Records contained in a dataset
---+---

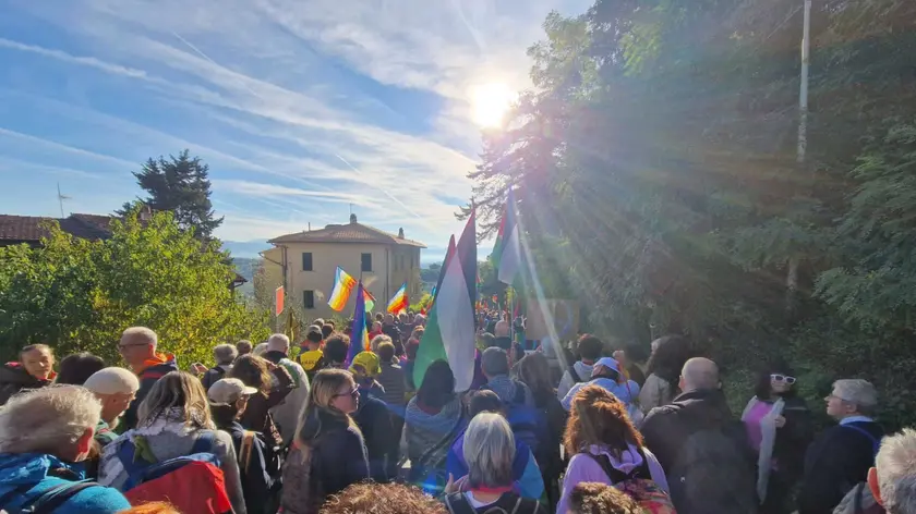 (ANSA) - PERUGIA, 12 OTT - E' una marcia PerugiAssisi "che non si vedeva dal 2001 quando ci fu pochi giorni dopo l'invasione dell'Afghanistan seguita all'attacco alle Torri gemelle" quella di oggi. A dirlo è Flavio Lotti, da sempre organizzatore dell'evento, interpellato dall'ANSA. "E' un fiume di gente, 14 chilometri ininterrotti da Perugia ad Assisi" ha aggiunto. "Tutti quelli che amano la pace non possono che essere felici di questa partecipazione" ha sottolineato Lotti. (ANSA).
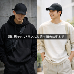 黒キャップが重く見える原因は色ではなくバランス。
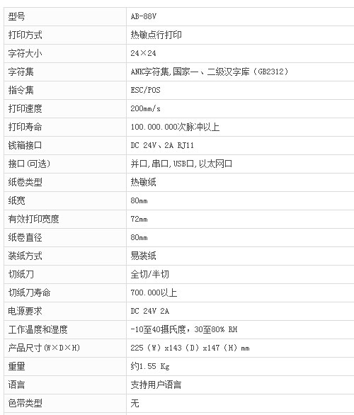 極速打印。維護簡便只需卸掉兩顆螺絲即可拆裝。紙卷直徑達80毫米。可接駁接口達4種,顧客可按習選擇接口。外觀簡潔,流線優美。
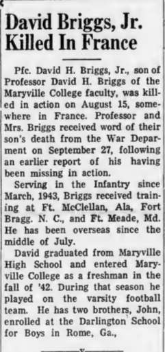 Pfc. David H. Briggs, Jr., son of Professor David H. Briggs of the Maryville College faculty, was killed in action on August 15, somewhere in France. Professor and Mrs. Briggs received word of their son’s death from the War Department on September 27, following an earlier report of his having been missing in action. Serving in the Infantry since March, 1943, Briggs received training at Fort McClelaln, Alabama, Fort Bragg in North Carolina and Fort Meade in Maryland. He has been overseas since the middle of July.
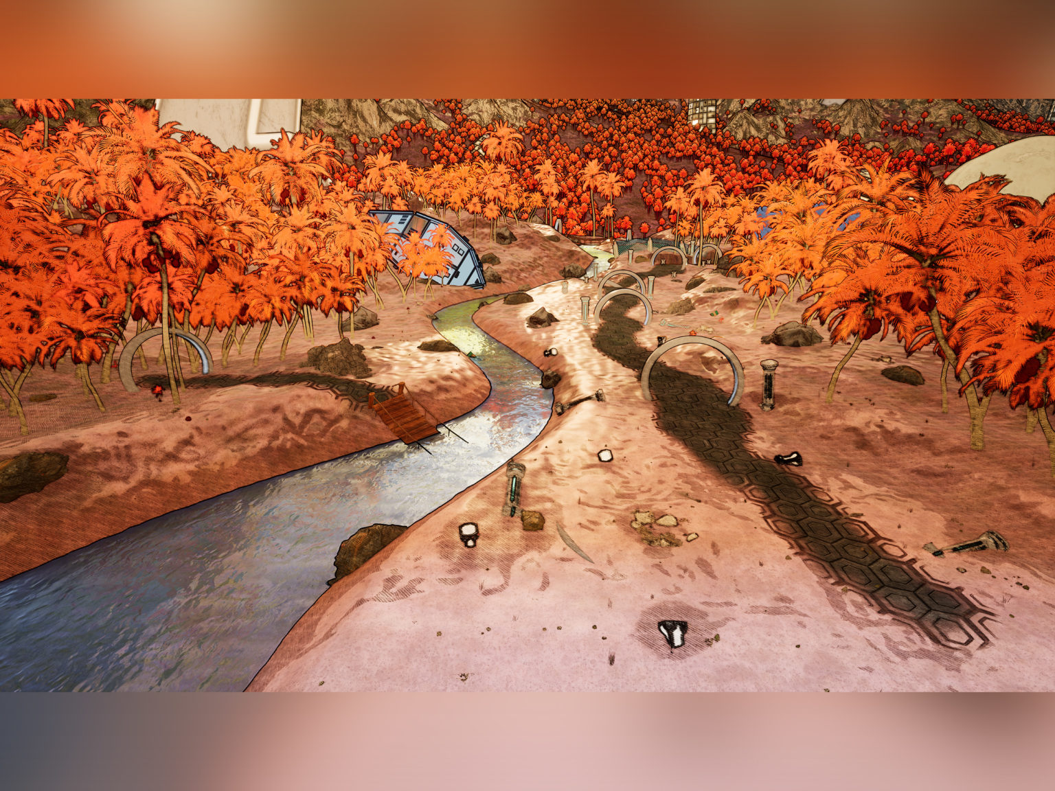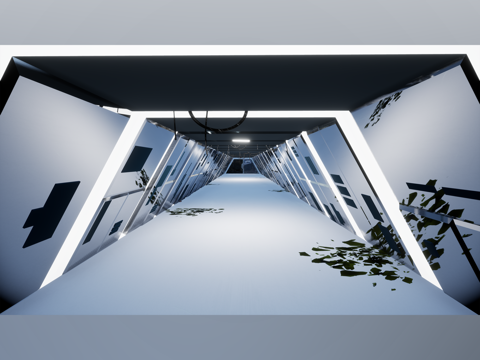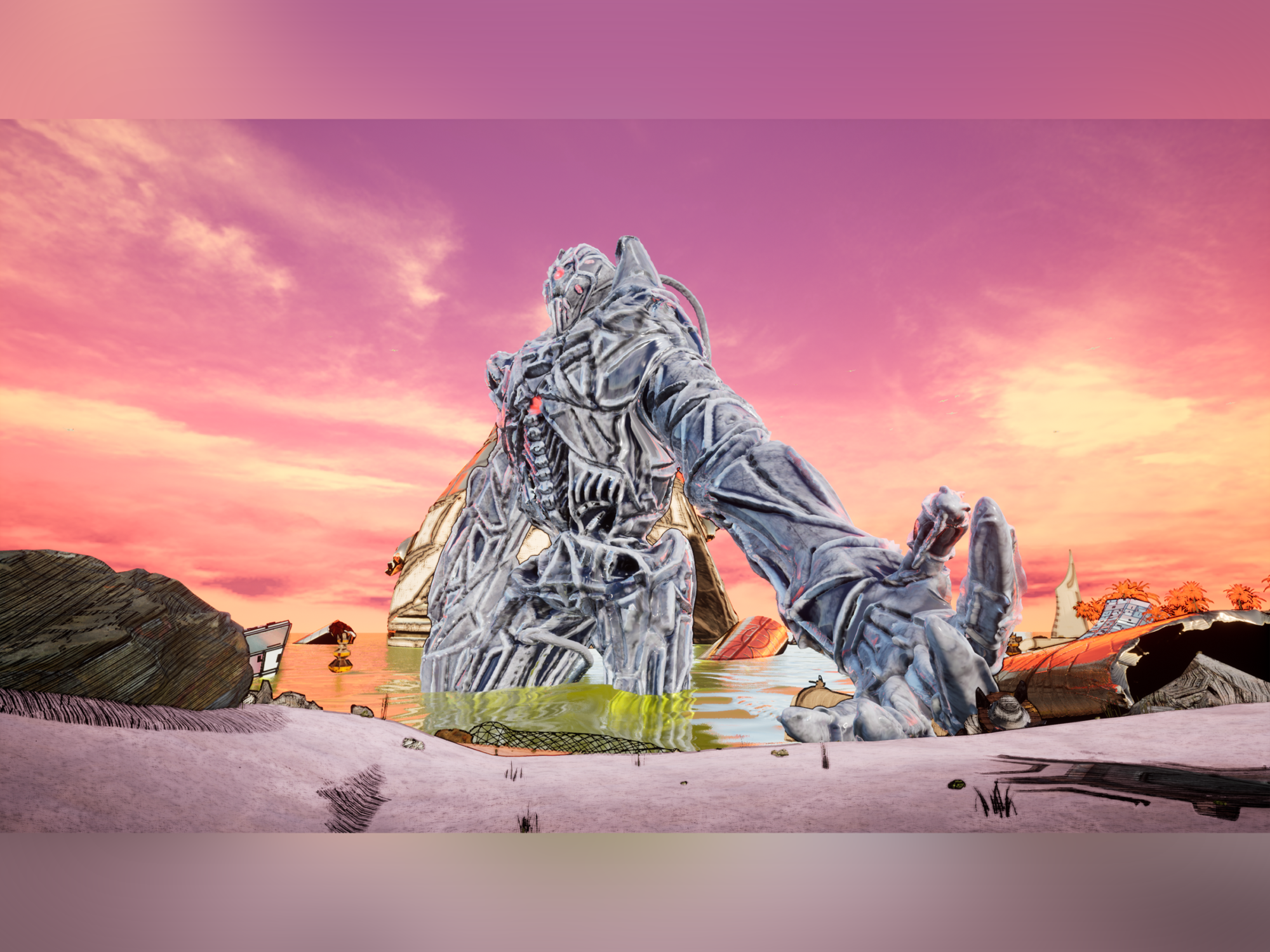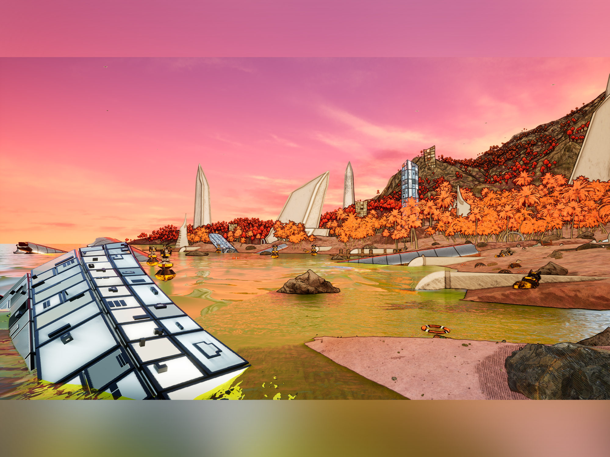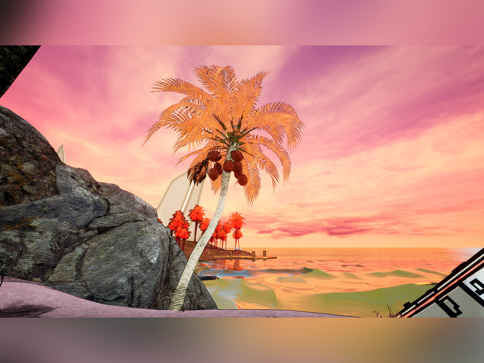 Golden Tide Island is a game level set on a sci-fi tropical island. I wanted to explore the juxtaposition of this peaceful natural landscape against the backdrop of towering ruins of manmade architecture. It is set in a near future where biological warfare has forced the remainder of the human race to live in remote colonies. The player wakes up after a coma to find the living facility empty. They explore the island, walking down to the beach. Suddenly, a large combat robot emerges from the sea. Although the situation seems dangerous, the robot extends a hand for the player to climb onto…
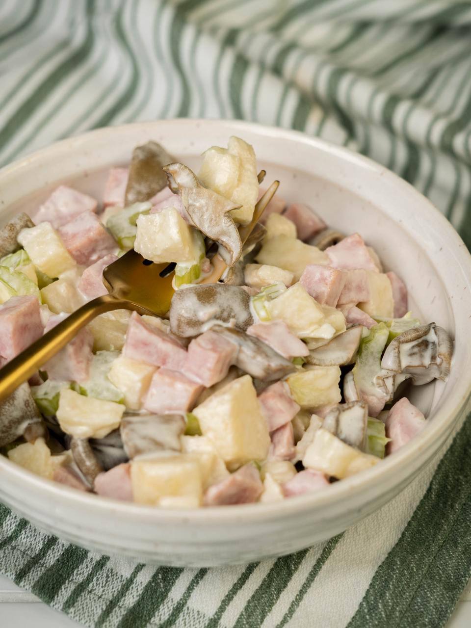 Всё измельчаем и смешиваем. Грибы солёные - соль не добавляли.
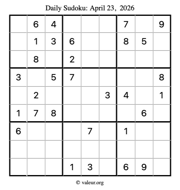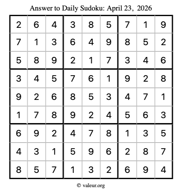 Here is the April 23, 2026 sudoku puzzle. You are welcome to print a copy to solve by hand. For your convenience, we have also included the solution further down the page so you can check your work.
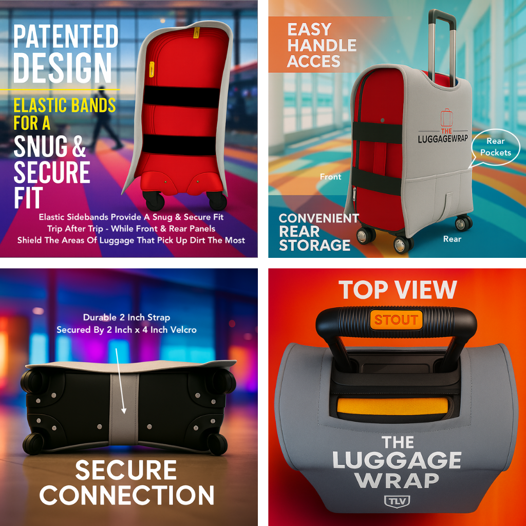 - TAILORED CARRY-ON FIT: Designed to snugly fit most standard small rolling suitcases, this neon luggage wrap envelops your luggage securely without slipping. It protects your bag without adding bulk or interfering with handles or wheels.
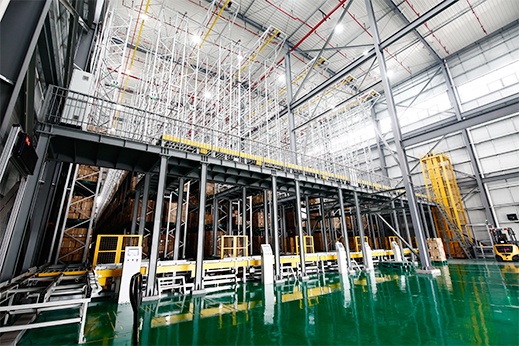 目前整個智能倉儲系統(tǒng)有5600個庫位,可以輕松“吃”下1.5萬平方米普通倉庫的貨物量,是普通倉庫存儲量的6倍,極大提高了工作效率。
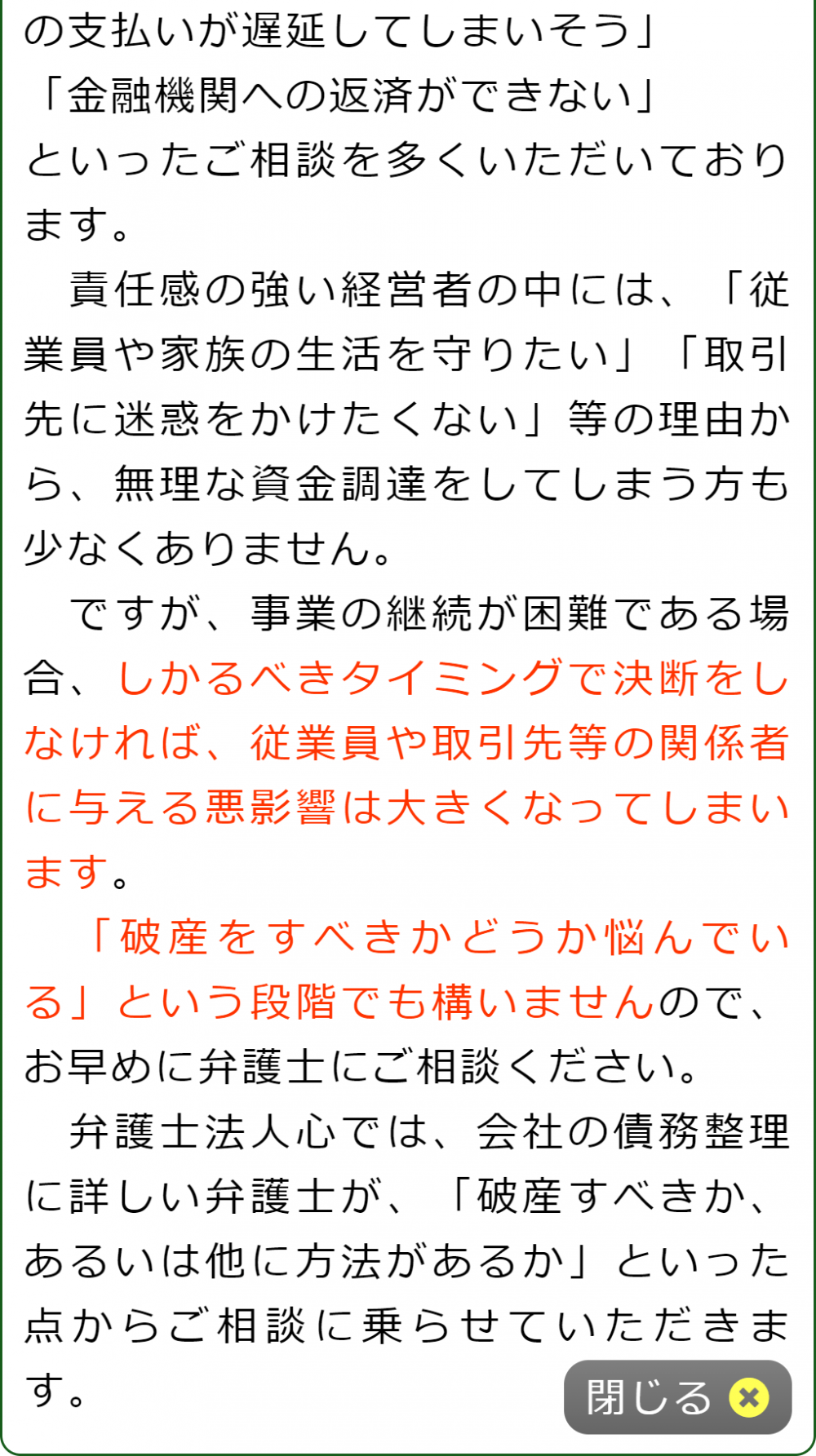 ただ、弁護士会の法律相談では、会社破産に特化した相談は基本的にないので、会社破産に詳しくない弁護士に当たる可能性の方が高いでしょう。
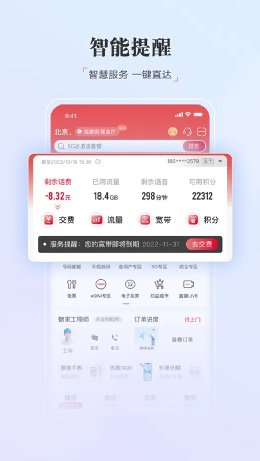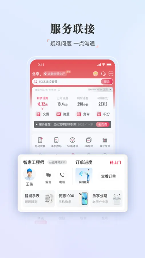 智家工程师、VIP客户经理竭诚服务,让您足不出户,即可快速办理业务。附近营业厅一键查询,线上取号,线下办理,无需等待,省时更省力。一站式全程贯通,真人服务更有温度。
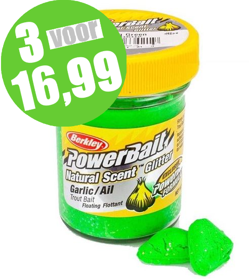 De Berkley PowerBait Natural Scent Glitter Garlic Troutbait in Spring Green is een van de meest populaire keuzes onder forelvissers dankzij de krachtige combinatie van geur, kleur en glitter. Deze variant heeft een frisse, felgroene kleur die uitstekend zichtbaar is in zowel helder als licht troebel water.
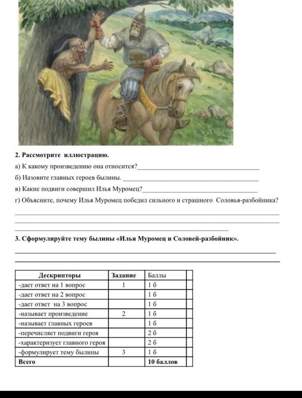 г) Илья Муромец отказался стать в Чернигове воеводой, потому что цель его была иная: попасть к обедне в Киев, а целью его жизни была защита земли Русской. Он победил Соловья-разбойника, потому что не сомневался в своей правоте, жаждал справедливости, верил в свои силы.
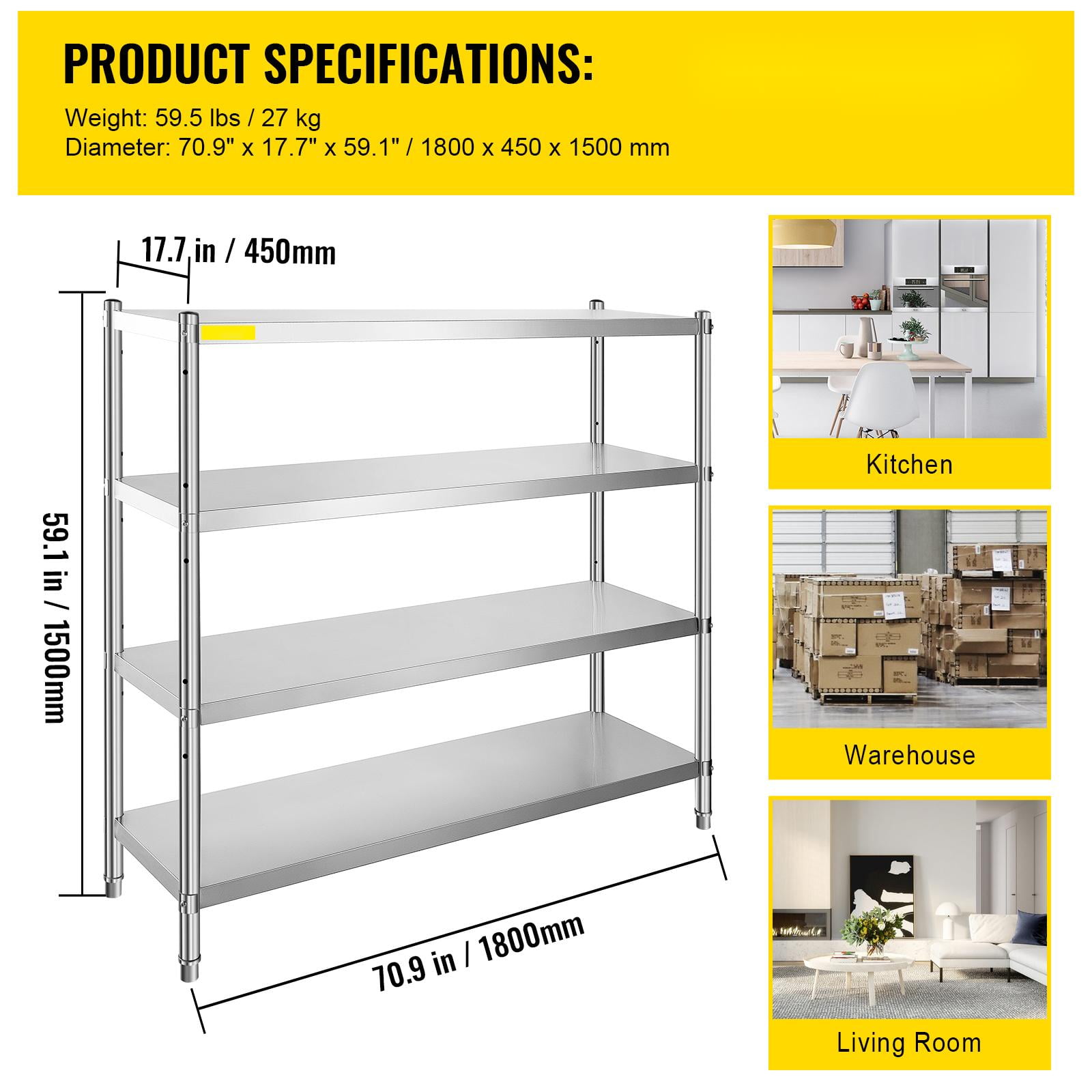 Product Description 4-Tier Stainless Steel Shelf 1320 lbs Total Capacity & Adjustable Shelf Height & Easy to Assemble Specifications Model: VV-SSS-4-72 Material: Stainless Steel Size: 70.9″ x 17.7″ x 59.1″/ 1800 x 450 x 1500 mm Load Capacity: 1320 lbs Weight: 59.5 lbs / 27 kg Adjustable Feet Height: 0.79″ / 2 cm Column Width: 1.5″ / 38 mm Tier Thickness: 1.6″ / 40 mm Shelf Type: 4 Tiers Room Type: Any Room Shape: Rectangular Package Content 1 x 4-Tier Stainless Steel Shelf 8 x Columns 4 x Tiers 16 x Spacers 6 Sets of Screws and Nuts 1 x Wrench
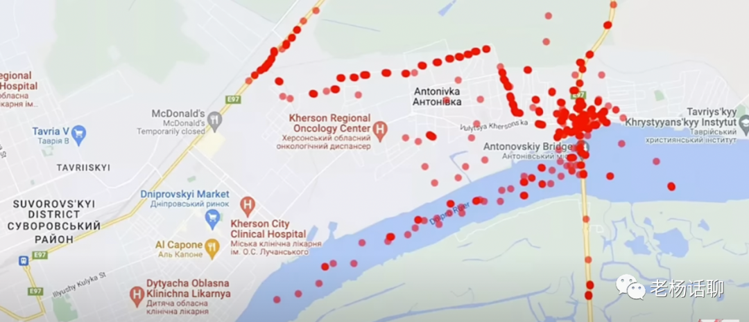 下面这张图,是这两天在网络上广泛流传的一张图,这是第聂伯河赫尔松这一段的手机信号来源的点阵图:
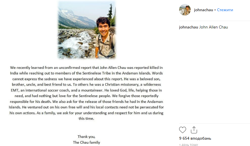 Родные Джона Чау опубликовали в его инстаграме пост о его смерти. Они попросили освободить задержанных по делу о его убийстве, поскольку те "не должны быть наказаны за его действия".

---+---

--- Work request ---
From the records above, copy exactly the lines starting at the one with "Product Description 4-Tier" and ending at the one with "下面这张图,是这两天在网络上", and no others. Pictures stay out.

--- Answer box ---
 Product Description 4-Tier Stainless Steel Shelf 1320 lbs Total Capacity & Adjustable Shelf Height & Easy to Assemble Specifications Model: VV-SSS-4-72 Material: Stainless Steel Size: 70.9″ x 17.7″ x 59.1″/ 1800 x 450 x 1500 mm Load Capacity: 1320 lbs Weight: 59.5 lbs / 27 kg Adjustable Feet Height: 0.79″ / 2 cm Column Width: 1.5″ / 38 mm Tier Thickness: 1.6″ / 40 mm Shelf Type: 4 Tiers Room Type: Any Room Shape: Rectangular Package Content 1 x 4-Tier Stainless Steel Shelf 8 x Columns 4 x Tiers 16 x Spacers 6 Sets of Screws and Nuts 1 x Wrench
 下面这张图,是这两天在网络上广泛流传的一张图,这是第聂伯河赫尔松这一段的手机信号来源的点阵图:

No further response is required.